## [Available data]
_ _ _ _
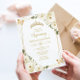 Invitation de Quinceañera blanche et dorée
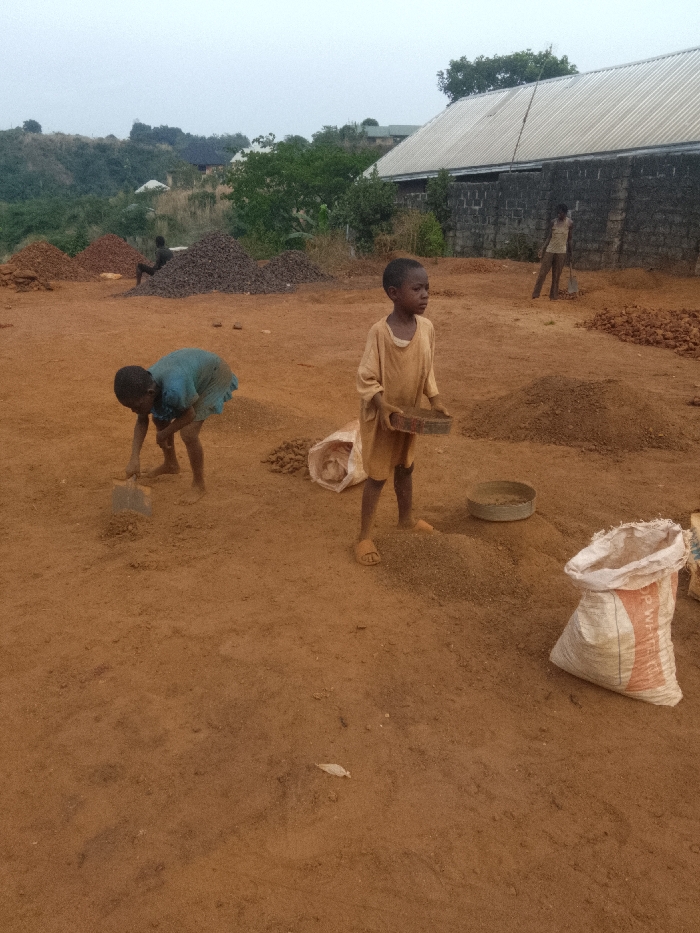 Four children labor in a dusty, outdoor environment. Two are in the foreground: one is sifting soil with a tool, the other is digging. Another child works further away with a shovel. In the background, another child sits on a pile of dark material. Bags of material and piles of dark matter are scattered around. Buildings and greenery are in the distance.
_ _ _ _
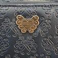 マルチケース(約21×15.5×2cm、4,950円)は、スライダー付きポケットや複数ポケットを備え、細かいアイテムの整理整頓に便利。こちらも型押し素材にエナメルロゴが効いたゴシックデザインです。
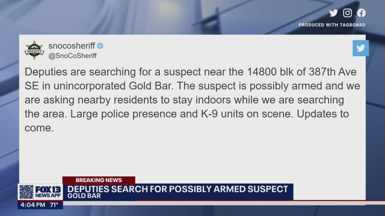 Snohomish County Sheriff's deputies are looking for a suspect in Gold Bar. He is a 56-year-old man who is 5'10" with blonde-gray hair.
_ _ _ _
## [Exercise details]
Starting with the line that contains "Invitation de Quinceañera blanche et dorée" and finishing with the line that contains "Four children labor", reproduce every line of the material above exactly, but not the pictures.

## [Output]
 Invitation de Quinceañera blanche et dorée
 Four children labor in a dusty, outdoor environment. Two are in the foreground: one is sifting soil with a tool, the other is digging. Another child works further away with a shovel. In the background, another child sits on a pile of dark material. Bags of material and piles of dark matter are scattered around. Buildings and greenery are in the distance.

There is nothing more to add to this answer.